(Saved data entries)
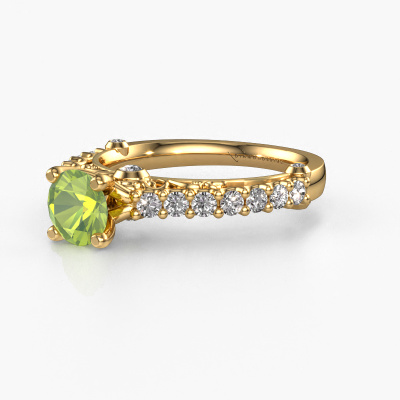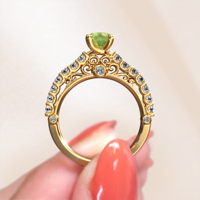 This 14 Carat gold ring is called Shaunda and is set with 6 mm peridot. For you, there is only one person in your life who stands out in a crowd. Only one that makes your heart skip a beat. A true gem! She, above all others, deserves a special gift. A unique customized jewel made in her honor. We believe this ring is perfect for your special moment. Each detail of this exclusive gold pavé solitaire engagement ring is selected by hand, crafted and polished by our expert goldsmith in our own artisan studio. We strive to achieve the perfect design and composition of the ring, so it enhances the unique features of our peridot, and lets them shine even brighter. It takes a lot of precision to make but in the end it pays off because of the sheer beauty of the ring. And that is our main goal. It's what gets us excited. The great thing about our online tool is, that you can design your own jewelry into a unique, personalized piece. This unique special engagement ring is created with the precious metal combination of gold and gold. But of course you are completely free to select other colors. Each piece of jewelry is made to shine bright around your finger. Each jewel is hand made with love by our goldsmiths.By using a combination of the latest modern techniques, combined with ancient crafting, we can make all our engagement rings in our own studio. Each jewel is made to order. This is advantageous because we can offer you a price you won't find anywhere else.Our designers and goldsmiths work together each day, creating new jewels. Perhaps you have found a nice vintage engagement ring somewhere, which can be used to customize your unique ring. Please feel free to contact us. We will make you an offer, based on a fair price/ quality ratio, which will amaze you.To make it easier for you, we offer a 30 day return policy. Check our terms and conditions.
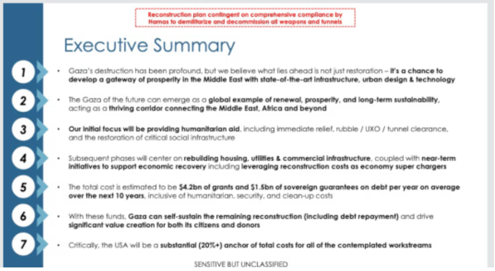 ويقر الاقتراح، في صفحته الثانية وبخط عريض وباللون الأحمر، بأن إعادة إعمار غزة تعتمد بشكل أساسي على التزام “حماس” بـ"نزع السلاح وتفكيك جميع الأسلحة والأنفاق".
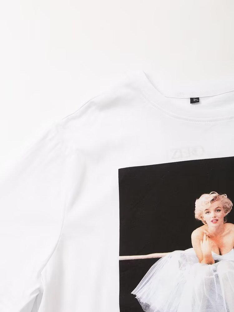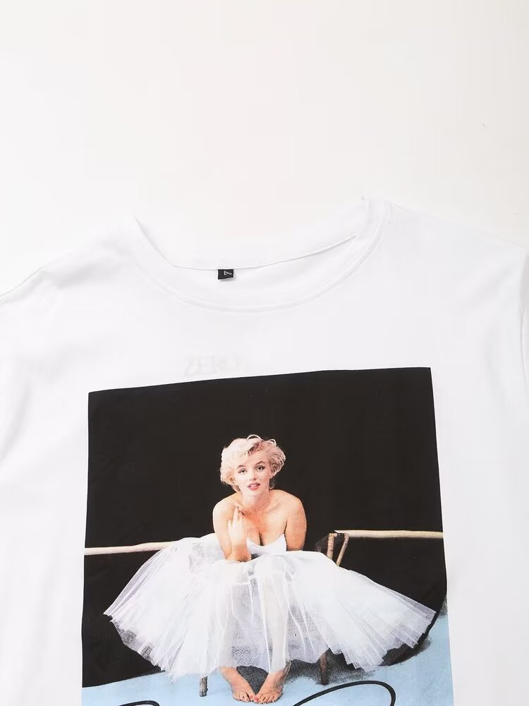 Unleash your inner glamour with our Marilyn Monroe Print T-shirt! This classic tee features a stunning print of the iconic Hollywood star, perfect for adding a touch of vintage charm to any outfit. Made with high-quality material, this shirt will make you feel confident and stylish!
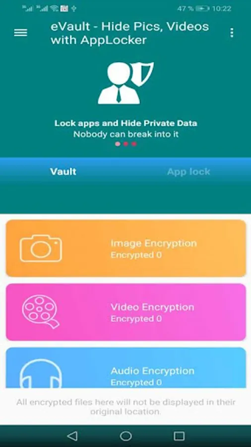 with the eVault app - Hide Pics, Videos with AppLocker Locked Photos and Videos in the app are stored on your device and cannot be accessed by anyone but you. Your data is kept 100% private
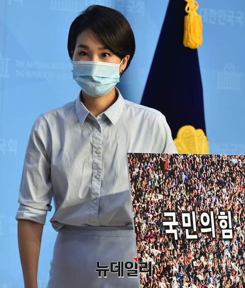김수민 미래통합당 홍보본부장이 31일 오후 국회 소통관에서 새로운 당명 '국민의힘' 개정 브리핑을 하고 있다.
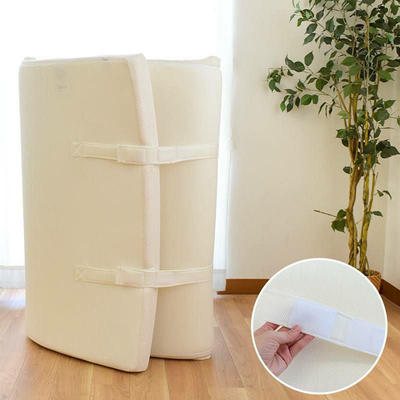 • 収納用のベルトは通常時は折りたたんだ状態でご使用ください。面ファスナーのフック部分が側生地に引っかかりますと、取り外しの際に生地を損傷することがあります。三つ折りにする際にもご注意ください。
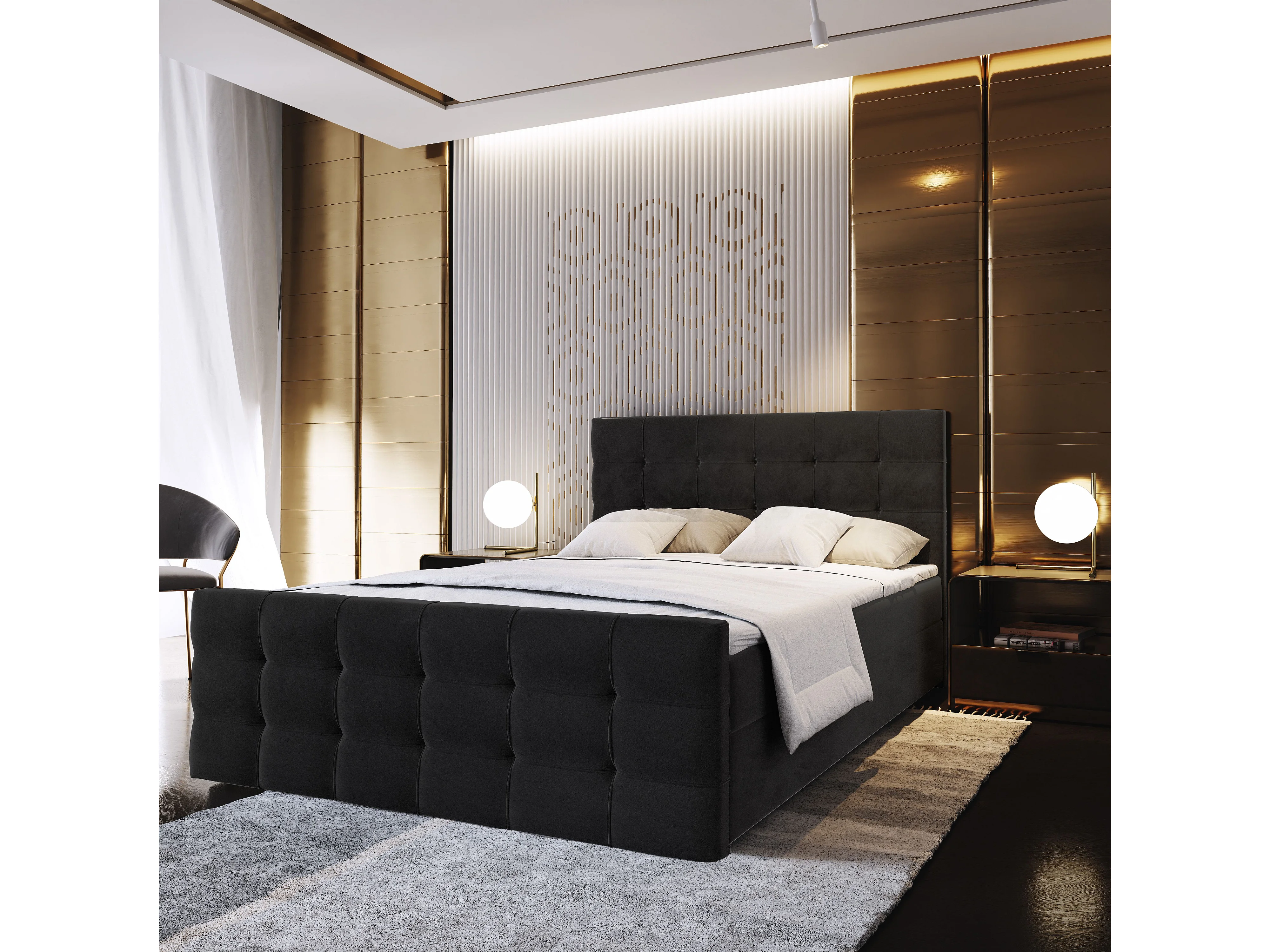 Boxspringbed AMON 180x200 cm Set met hoofdbord, bedbodem en matras, Zwart
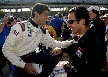 laugh together after Castroneves congratulated Medeiros for qualifying for the
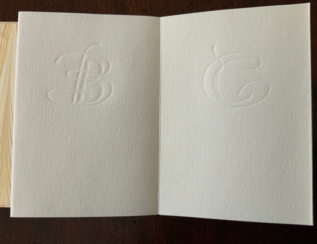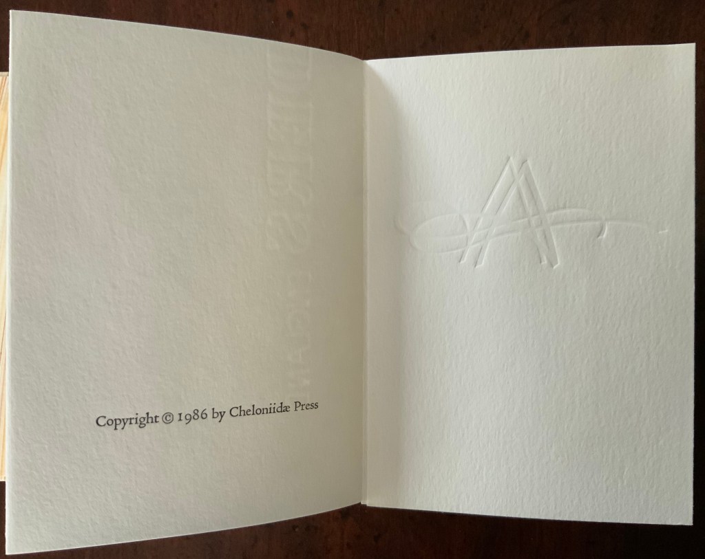 Again, Cheloniidae Press’ master printer Harold Patrick McGrath and “usual suspects” Arthur Larson (hand typesetting), Faith Harrison (hand marbling) and Claudia Cohen (binding) played their roles in this book. Here, Moore has the creative contributing role of designing the alphabet and, for the deluxe and full vellum editions (not shown), hand lettering.
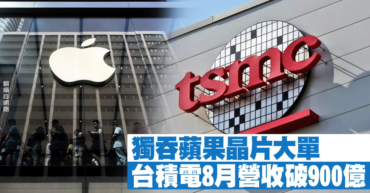 獨吞蘋果晶片大單 台積電8月營收破900億
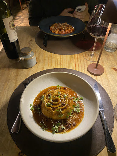 Pratos principais: Ciccio (muitíssimo bem recomendado pelo atendente): não foi o meu prato mas foi extremamente elogiado como um destaque. Com adicional de trufas ficou ainda mais potente. Fettuccine ao molho de pistache com manteiga de trufas brancas, cognac, vieiras, parmigiani reggiano e pangratatto de noz pecan. Carbomare (a forma como eles chamam o Carbonara com adicional de camarões): demorei trocentos minutos para decidir. Fiquei em dúvida entre dois pratos o tempo todo. De repente vi esse carbonara podendo adicionar camarões e decidi por ele rapidamente. Que decisão acertada! Amei o creme resultado da gema com o pecorino, o guanciale e o parmigiano reggiano. Pedi na massa Mezze Rigate e que vem com muitos camarões deliciosos. Recomendo!
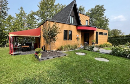Escape to our charming chalet located right on the water's edge in Pohénégamook. Perfect for families or groups of friends, this chalet offers a peaceful setting and easy access to numerous outdoor activities.
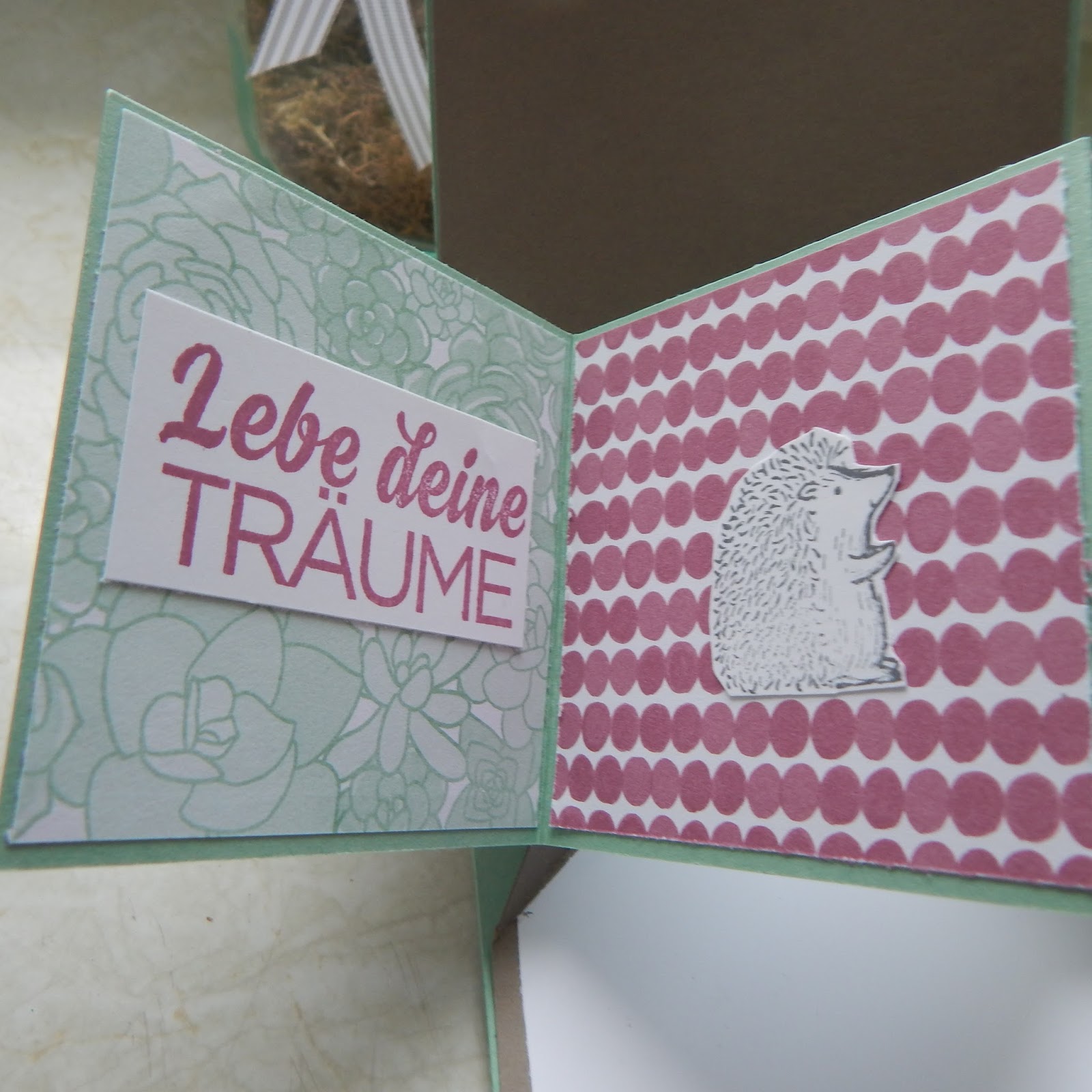 Und der süße Elefant aus dem Stempelset Love you lots passt hervorragend. Aber auch sein Kumpel Igel fehlt nicht und ist im Inneren verborgen.
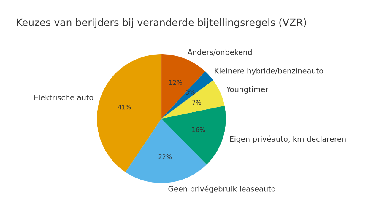 VZR vroeg de berijders wat zij gaan doen als er een 12% strafbelasting komt op het rijden van een auto op fossiele brandstof. Op die vraag beantwoord 59% van de zakelijk rijders dat ze een alternatief gaan zoeken, in plaats van over te stappen op een volledig elektrische auto.
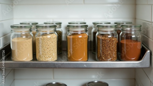 Spice Jars On A Shelf In Kitchen
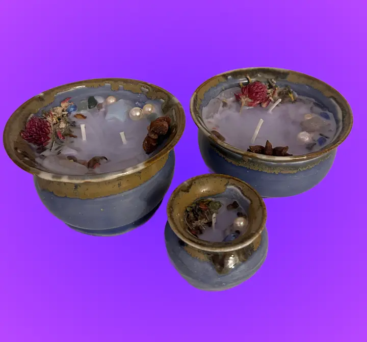 made with soy and beeswax blend, semi precious crystals, patchouli/lavender essential oils, peppermint, lavender, rosemary, globe amaranth, star anise, lotus plumule, and slippery elm bark
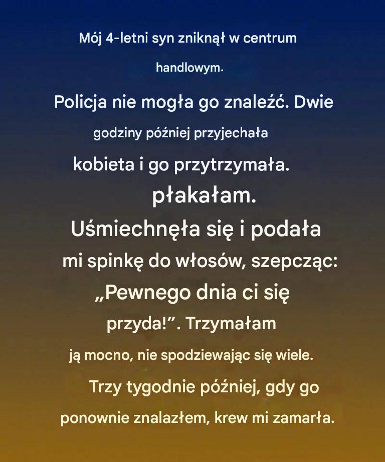 Mój czteroletni syn zniknął w zatłoczonym centrum handlowym. Policja szukała wszędzie, ale nigdzie go nie było.
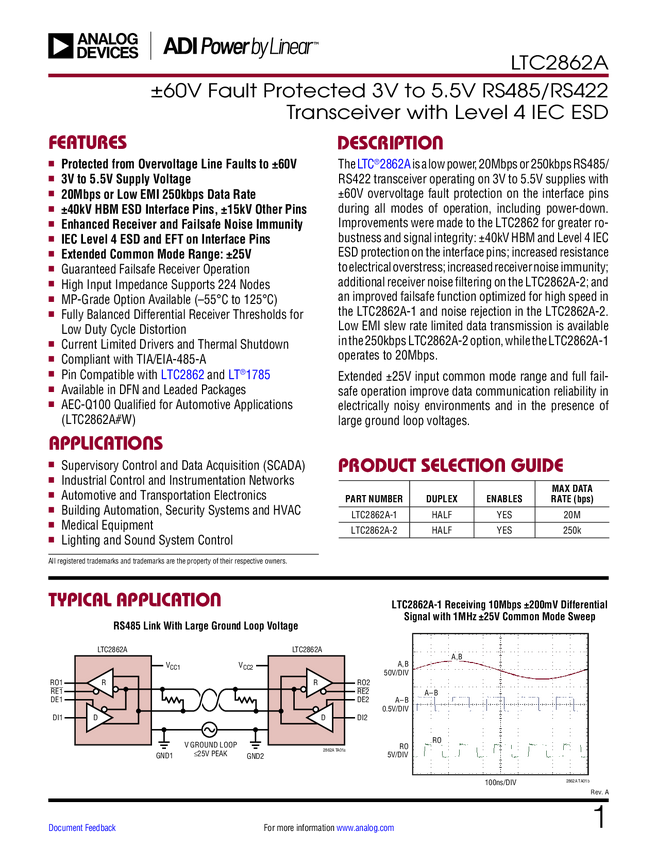 LTC2862A ±60V Fault Protected 3V to 5.5V RS485/RS422 Transceiver with Level 4 IEC ES...
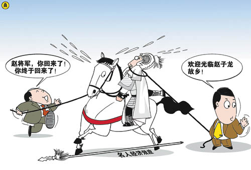 “此次趙云故里之爭,除了民間研究會外,專家和學者鮮有直接參與爭論的!笔仪f社會科學院研究員梁勇注意到,近期在全國頻發的一系列“名人故里”之爭中,學界保持冷靜,而地方政府表現卻頗為“高調”。“趙云故里之爭也不例外!彼a充說。
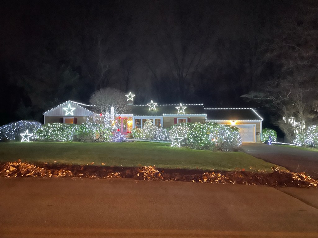 This house in North Stamford, CT, goes all out for the holiday season. Great fun to drive by. Twinkle, twinkle, also in Stamford. Bethany Church in Stamford had a darling holiday stroll with carolers, a living nativity, and this scene from The Grinch Who Stole Christmas. So much fun to see what the congregation pulled together — doubly so because all of them were having so much fun doing it. This one, in the Cove section of Stamford, is a regular on our annual December hunt for signs of the season. Precision work!

(What you will do)
The response should repeat each record precisely and contain no pictures.

(Exercise result)
 This 14 Carat gold ring is called Shaunda and is set with 6 mm peridot. For you, there is only one person in your life who stands out in a crowd. Only one that makes your heart skip a beat. A true gem! She, above all others, deserves a special gift. A unique customized jewel made in her honor. We believe this ring is perfect for your special moment. Each detail of this exclusive gold pavé solitaire engagement ring is selected by hand, crafted and polished by our expert goldsmith in our own artisan studio. We strive to achieve the perfect design and composition of the ring, so it enhances the unique features of our peridot, and lets them shine even brighter. It takes a lot of precision to make but in the end it pays off because of the sheer beauty of the ring. And that is our main goal. It's what gets us excited. The great thing about our online tool is, that you can design your own jewelry into a unique, personalized piece. This unique special engagement ring is created with the precious metal combination of gold and gold. But of course you are completely free to select other colors. Each piece of jewelry is made to shine bright around your finger. Each jewel is hand made with love by our goldsmiths.By using a combination of the latest modern techniques, combined with ancient crafting, we can make all our engagement rings in our own studio. Each jewel is made to order. This is advantageous because we can offer you a price you won't find anywhere else.Our designers and goldsmiths work together each day, creating new jewels. Perhaps you have found a nice vintage engagement ring somewhere, which can be used to customize your unique ring. Please feel free to contact us. We will make you an offer, based on a fair price/ quality ratio, which will amaze you.To make it easier for you, we offer a 30 day return policy. Check our terms and conditions.
 ويقر الاقتراح، في صفحته الثانية وبخط عريض وباللون الأحمر، بأن إعادة إعمار غزة تعتمد بشكل أساسي على التزام “حماس” بـ"نزع السلاح وتفكيك جميع الأسلحة والأنفاق".
 Unleash your inner glamour with our Marilyn Monroe Print T-shirt! This classic tee features a stunning print of the iconic Hollywood star, perfect for adding a touch of vintage charm to any outfit. Made with high-quality material, this shirt will make you feel confident and stylish!
 with the eVault app - Hide Pics, Videos with AppLocker Locked Photos and Videos in the app are stored on your device and cannot be accessed by anyone but you. Your data is kept 100% private
김수민 미래통합당 홍보본부장이 31일 오후 국회 소통관에서 새로운 당명 '국민의힘' 개정 브리핑을 하고 있다.
 • 収納用のベルトは通常時は折りたたんだ状態でご使用ください。面ファスナーのフック部分が側生地に引っかかりますと、取り外しの際に生地を損傷することがあります。三つ折りにする際にもご注意ください。
 Boxspringbed AMON 180x200 cm Set met hoofdbord, bedbodem en matras, Zwart
 laugh together after Castroneves congratulated Medeiros for qualifying for the
 Again, Cheloniidae Press’ master printer Harold Patrick McGrath and “usual suspects” Arthur Larson (hand typesetting), Faith Harrison (hand marbling) and Claudia Cohen (binding) played their roles in this book. Here, Moore has the creative contributing role of designing the alphabet and, for the deluxe and full vellum editions (not shown), hand lettering.
 獨吞蘋果晶片大單 台積電8月營收破900億
 Pratos principais: Ciccio (muitíssimo bem recomendado pelo atendente): não foi o meu prato mas foi extremamente elogiado como um destaque. Com adicional de trufas ficou ainda mais potente. Fettuccine ao molho de pistache com manteiga de trufas brancas, cognac, vieiras, parmigiani reggiano e pangratatto de noz pecan. Carbomare (a forma como eles chamam o Carbonara com adicional de camarões): demorei trocentos minutos para decidir. Fiquei em dúvida entre dois pratos o tempo todo. De repente vi esse carbonara podendo adicionar camarões e decidi por ele rapidamente. Que decisão acertada! Amei o creme resultado da gema com o pecorino, o guanciale e o parmigiano reggiano. Pedi na massa Mezze Rigate e que vem com muitos camarões deliciosos. Recomendo!
Escape to our charming chalet located right on the water's edge in Pohénégamook. Perfect for families or groups of friends, this chalet offers a peaceful setting and easy access to numerous outdoor activities.
 Und der süße Elefant aus dem Stempelset Love you lots passt hervorragend. Aber auch sein Kumpel Igel fehlt nicht und ist im Inneren verborgen.
 VZR vroeg de berijders wat zij gaan doen als er een 12% strafbelasting komt op het rijden van een auto op fossiele brandstof. Op die vraag beantwoord 59% van de zakelijk rijders dat ze een alternatief gaan zoeken, in plaats van over te stappen op een volledig elektrische auto.
 Spice Jars On A Shelf In Kitchen
 made with soy and beeswax blend, semi precious crystals, patchouli/lavender essential oils, peppermint, lavender, rosemary, globe amaranth, star anise, lotus plumule, and slippery elm bark
 Mój czteroletni syn zniknął w zatłoczonym centrum handlowym. Policja szukała wszędzie, ale nigdzie go nie było.
 LTC2862A ±60V Fault Protected 3V to 5.5V RS485/RS422 Transceiver with Level 4 IEC ES...
 “此次趙云故里之爭,除了民間研究會外,專家和學者鮮有直接參與爭論的!笔仪f社會科學院研究員梁勇注意到,近期在全國頻發的一系列“名人故里”之爭中,學界保持冷靜,而地方政府表現卻頗為“高調”。“趙云故里之爭也不例外!彼a充說。
 This house in North Stamford, CT, goes all out for the holiday season. Great fun to drive by. Twinkle, twinkle, also in Stamford. Bethany Church in Stamford had a darling holiday stroll with carolers, a living nativity, and this scene from The Grinch Who Stole Christmas. So much fun to see what the congregation pulled together — doubly so because all of them were having so much fun doing it. This one, in the Cove section of Stamford, is a regular on our annual December hunt for signs of the season. Precision work!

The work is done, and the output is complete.